Work item =>
Shown below is a listing with pictures; reproduce exactly, and only, the lines between the ones containing "Pals Celebrate Together" and "Cozy, wood burning fireplace in family room.", inclusive, leaving the pictures out.
□ □ □ □ □ □ □
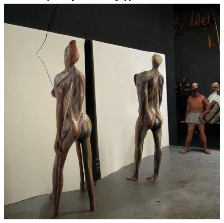
labor-painting and sculpture application of the human body 2097: ilevi

labor-painting and drawing application 2094: ilexii
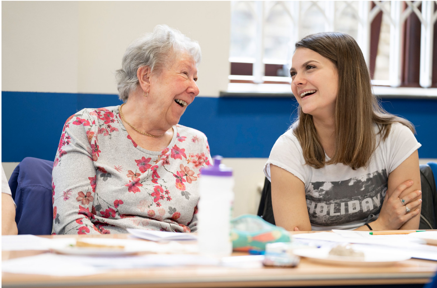
👤 Intergenerational Pen Pals Celebrate Together
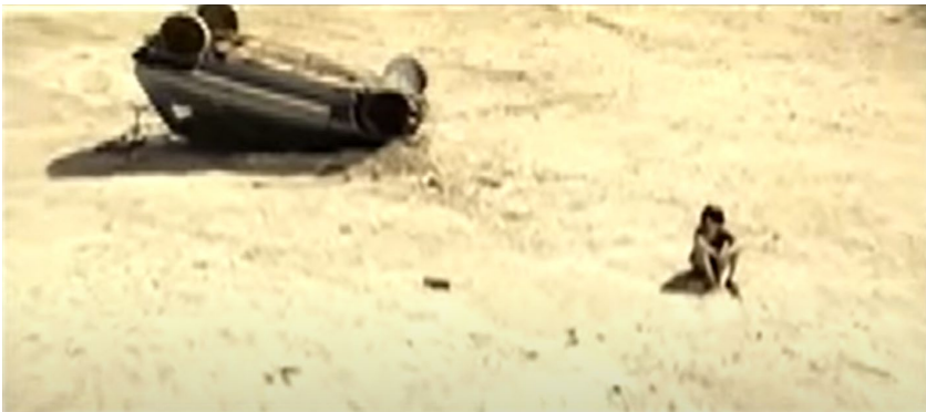
FIGURE 5. Memory of the Sea ( Recuerdo del mar , Max Zunino, 2005).
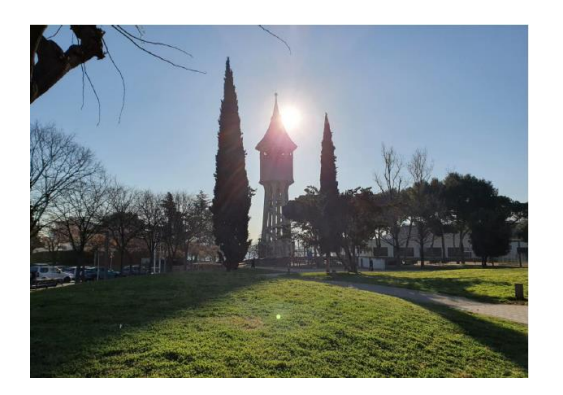
👉 Parc de Catalunya
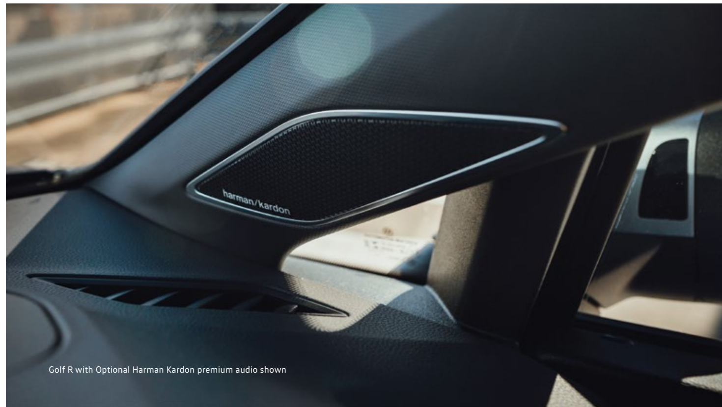
Golf R with Optional Harman Kardon premium audio shown

The Golf R's other optional inclusion, a panoramic electric glass sunroof, is the perfect addition to a car already brimming with great features. Let glorious light stream into the cabin when you retract the sunroof shade – and open up the sunroof for the liberating feeling of the wind in your hair.
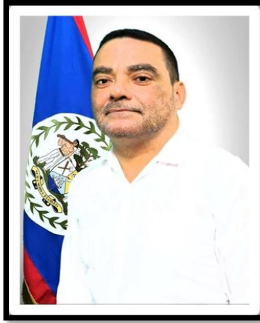
Hon. Francis Fonseca Minister of Foreign Affairs and Foreign Trade

Over the 2023- 2024 period, the Ministry of Foreign Affairs and Foreign Trade (MFA&FT) has had to navigate an increasingly turbulent and divided world.
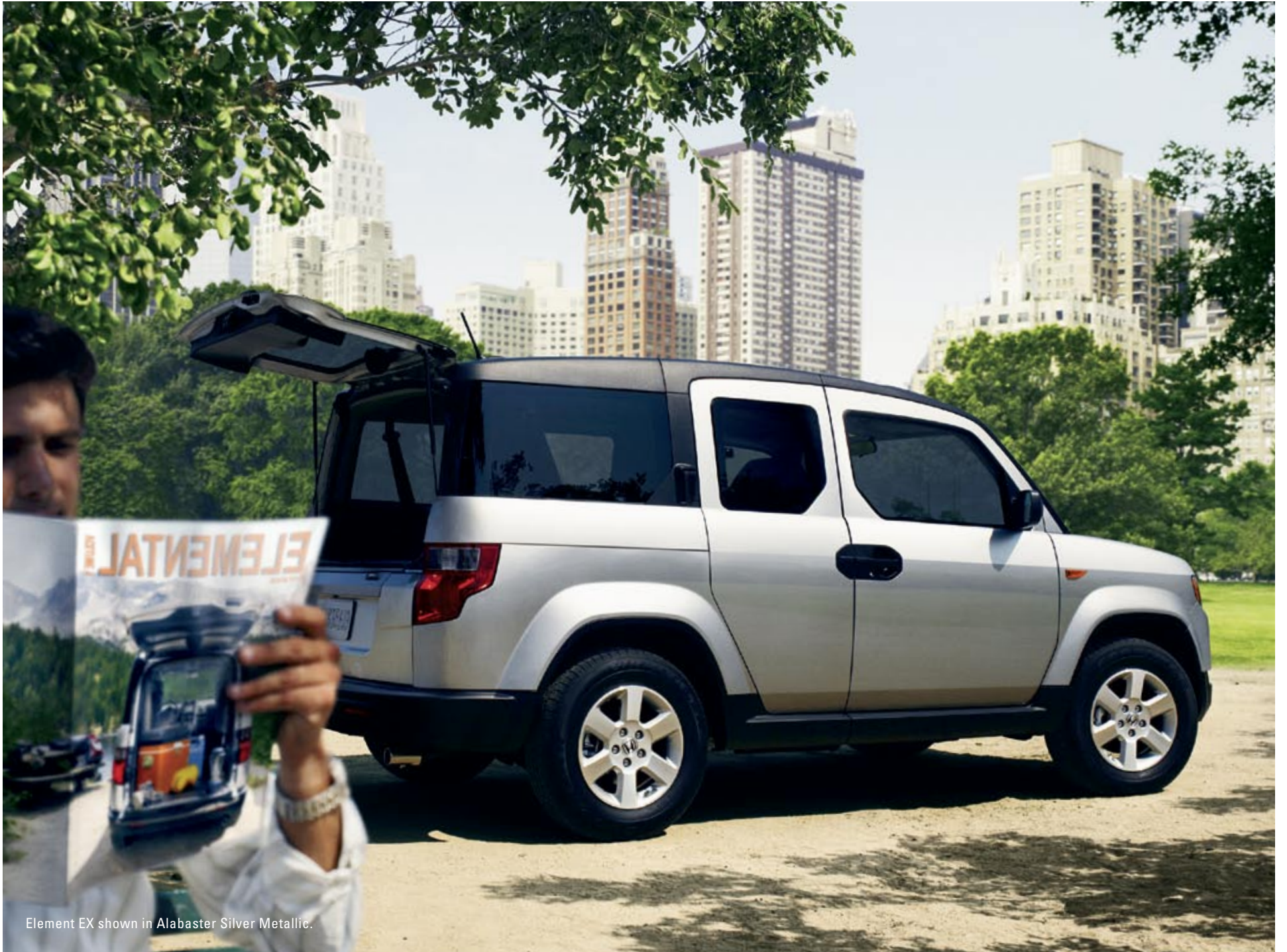
Element EX shown in Alabaster Silver Metallic.
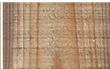
Redwood - Untreated 10 Months weathering
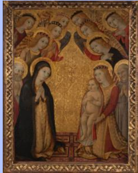
Adoration of the Child, 1473, Sano di Pietro
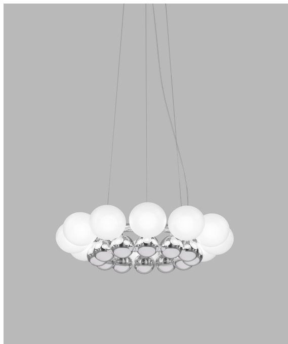
24PEA SP BCCM CR G9 CE
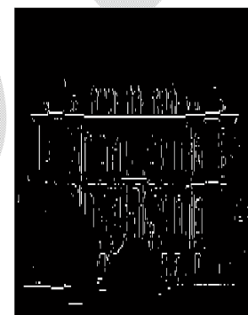
Fig 3 : using Prewitt
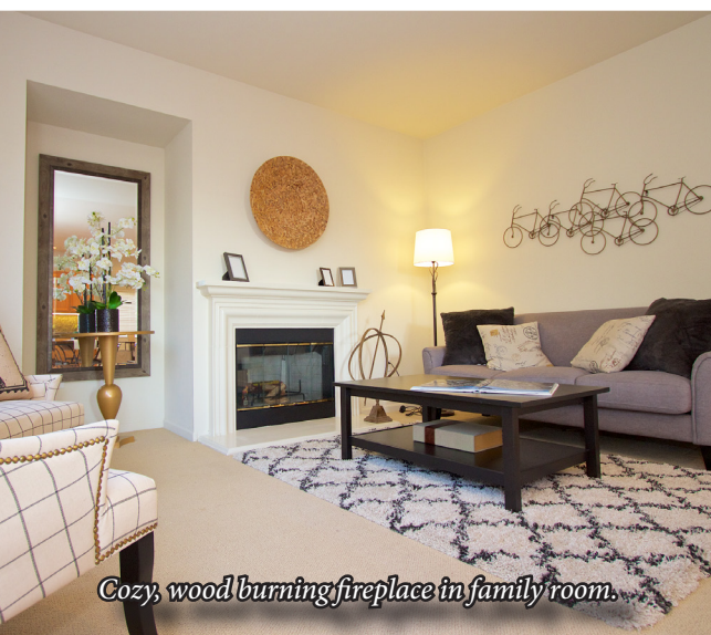
Cozy, wood burning fireplace in family room.

Once you're on the site, click the link at the top to see our Blog. Every day the real estate market changes, and we help buyers and sellers just like you avoid market pitfalls and gain the upper hand. Not just ordinary real estate sales people, we're experts at real estate marketing. Our blog is our chance to share our experiences with you.
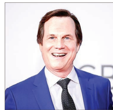
Actor Bill Paxton.
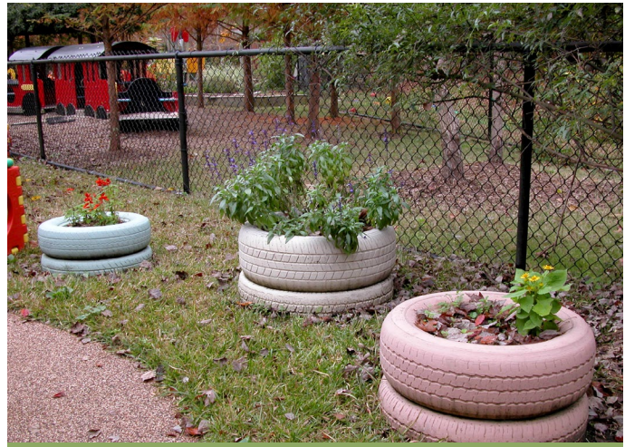
Stacked tire planters painted in light colors.

Disclaimer: The Natural Learning Initiative (NLI), NC State University, its partners, and supporting entities assume no responsibility for consequences arising from physical interventions using information contained in this InfoSheet. Under no circumstances will liability be assumed for any loss or damage, including without limitation, indirect or consequential, incurred during installation, management, and use of such interventions. Highly recommended is adherence to relevant local, state, and national regulatory requirements concerning but not limited to health and safety, accessibility, licensing, and program regulation.
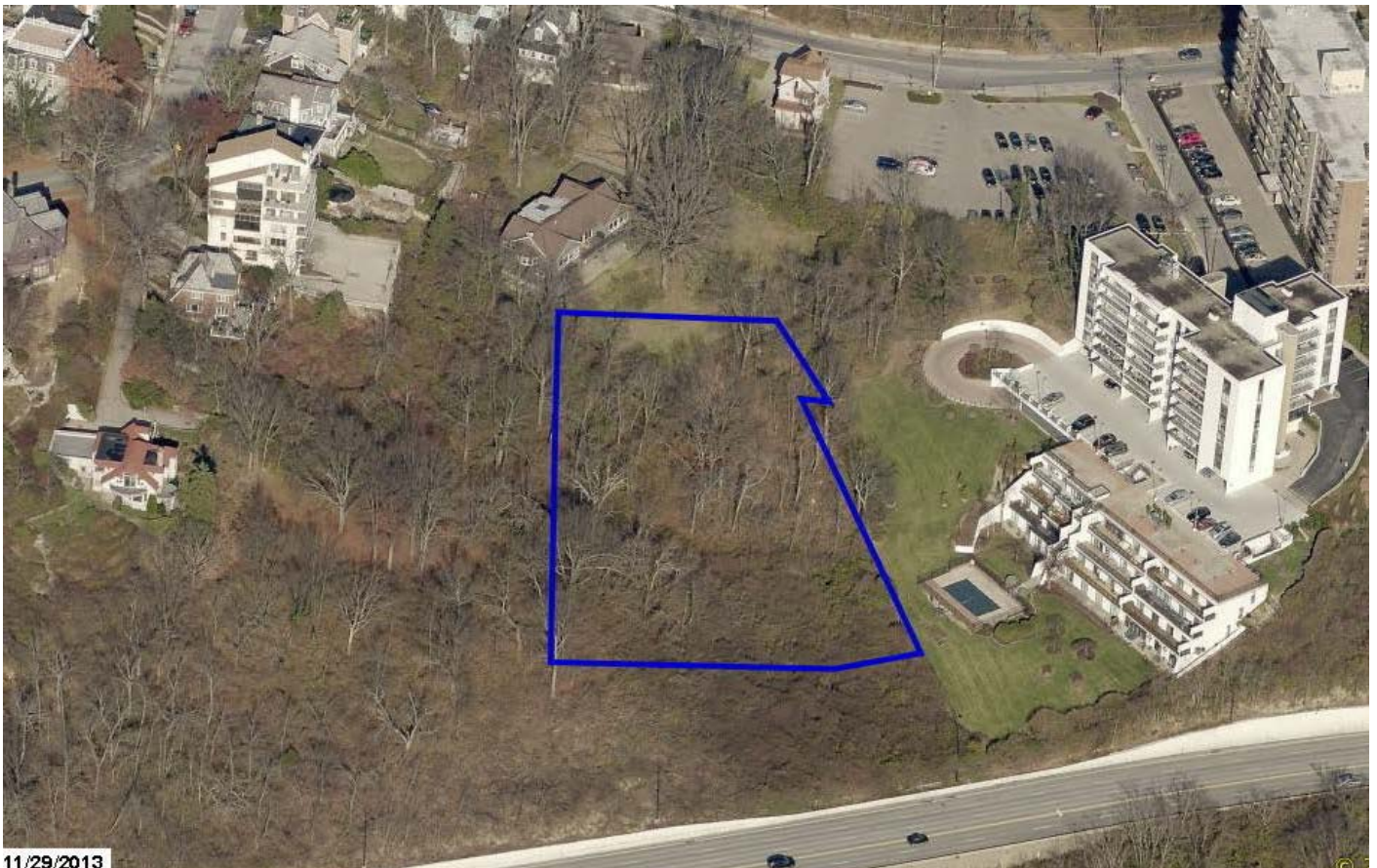
Aerial map of 1-acre Segoe Preserve in East Walnut Hills, Cincinnati

The Hillside Trust 710 Tusculum Ave, Alms Park Cincinnati, OH 45226
□ □ □ □ □ □ □
Task output =>
👤 Intergenerational Pen Pals Celebrate Together
FIGURE 5. Memory of the Sea ( Recuerdo del mar , Max Zunino, 2005).
👉 Parc de Catalunya
Golf R with Optional Harman Kardon premium audio shown

The Golf R's other optional inclusion, a panoramic electric glass sunroof, is the perfect addition to a car already brimming with great features. Let glorious light stream into the cabin when you retract the sunroof shade – and open up the sunroof for the liberating feeling of the wind in your hair.
Hon. Francis Fonseca Minister of Foreign Affairs and Foreign Trade

Over the 2023- 2024 period, the Ministry of Foreign Affairs and Foreign Trade (MFA&FT) has had to navigate an increasingly turbulent and divided world.
Element EX shown in Alabaster Silver Metallic.
Redwood - Untreated 10 Months weathering
Adoration of the Child, 1473, Sano di Pietro
24PEA SP BCCM CR G9 CE
Fig 3 : using Prewitt
Cozy, wood burning fireplace in family room.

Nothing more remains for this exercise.